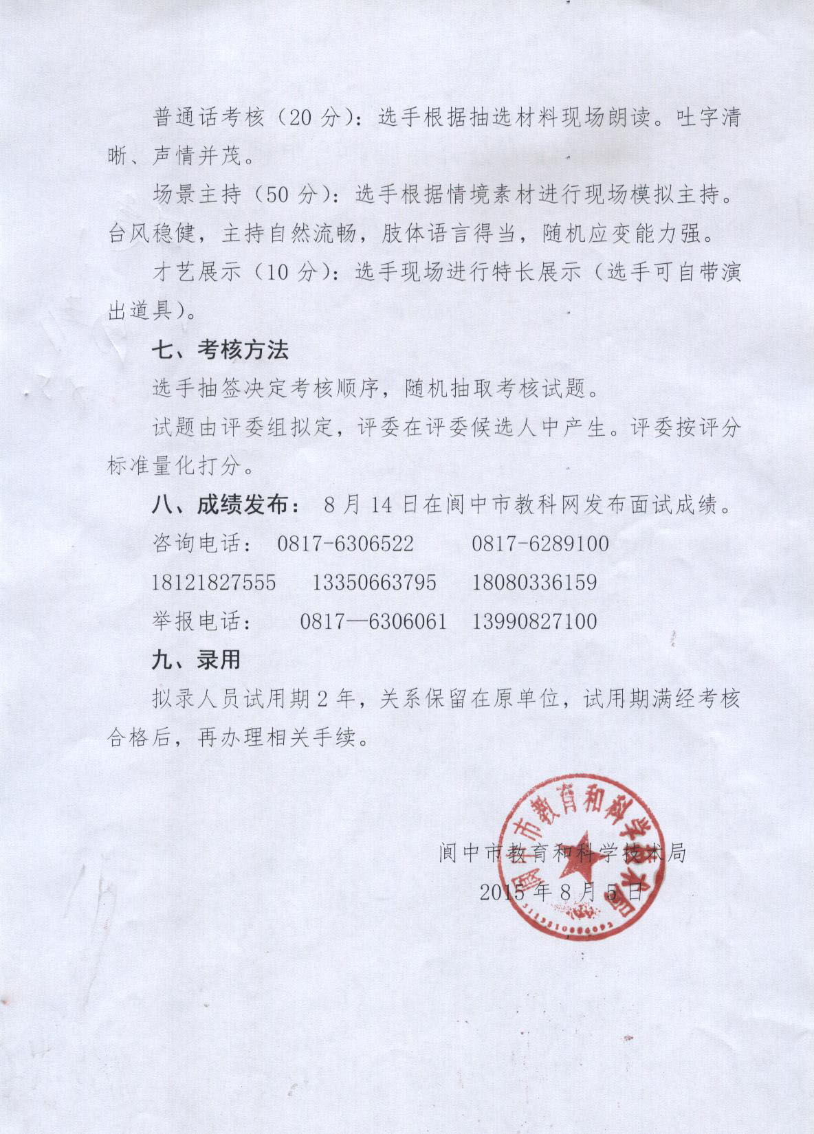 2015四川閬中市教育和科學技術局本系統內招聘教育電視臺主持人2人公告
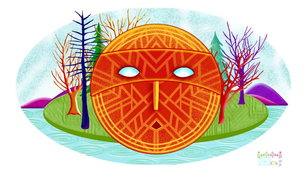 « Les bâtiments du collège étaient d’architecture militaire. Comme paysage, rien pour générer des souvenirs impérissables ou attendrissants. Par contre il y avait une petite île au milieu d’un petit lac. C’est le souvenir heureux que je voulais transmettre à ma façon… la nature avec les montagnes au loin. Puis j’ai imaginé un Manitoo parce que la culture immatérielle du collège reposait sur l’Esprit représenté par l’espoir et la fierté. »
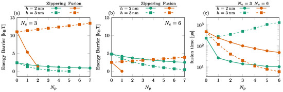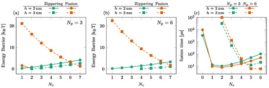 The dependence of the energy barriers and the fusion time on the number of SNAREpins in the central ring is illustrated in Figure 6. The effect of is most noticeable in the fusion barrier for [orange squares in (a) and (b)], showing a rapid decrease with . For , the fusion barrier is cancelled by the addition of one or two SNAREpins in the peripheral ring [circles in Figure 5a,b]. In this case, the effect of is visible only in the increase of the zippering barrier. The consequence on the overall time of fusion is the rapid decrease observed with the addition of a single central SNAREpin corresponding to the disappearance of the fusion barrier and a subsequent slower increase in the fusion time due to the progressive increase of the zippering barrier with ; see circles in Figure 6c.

▬▬▬▬▬▬

What you have to do: Reproduce the data in full. Do not carry over any picture.

Written response:
 2015四川閬中市教育和科學技術局本系統內招聘教育電視臺主持人2人公告
 « Les bâtiments du collège étaient d’architecture militaire. Comme paysage, rien pour générer des souvenirs impérissables ou attendrissants. Par contre il y avait une petite île au milieu d’un petit lac. C’est le souvenir heureux que je voulais transmettre à ma façon… la nature avec les montagnes au loin. Puis j’ai imaginé un Manitoo parce que la culture immatérielle du collège reposait sur l’Esprit représenté par l’espoir et la fierté. »
 The dependence of the energy barriers and the fusion time on the number of SNAREpins in the central ring is illustrated in Figure 6. The effect of is most noticeable in the fusion barrier for [orange squares in (a) and (b)], showing a rapid decrease with . For , the fusion barrier is cancelled by the addition of one or two SNAREpins in the peripheral ring [circles in Figure 5a,b]. In this case, the effect of is visible only in the increase of the zippering barrier. The consequence on the overall time of fusion is the rapid decrease observed with the addition of a single central SNAREpin corresponding to the disappearance of the fusion barrier and a subsequent slower increase in the fusion time due to the progressive increase of the zippering barrier with ; see circles in Figure 6c.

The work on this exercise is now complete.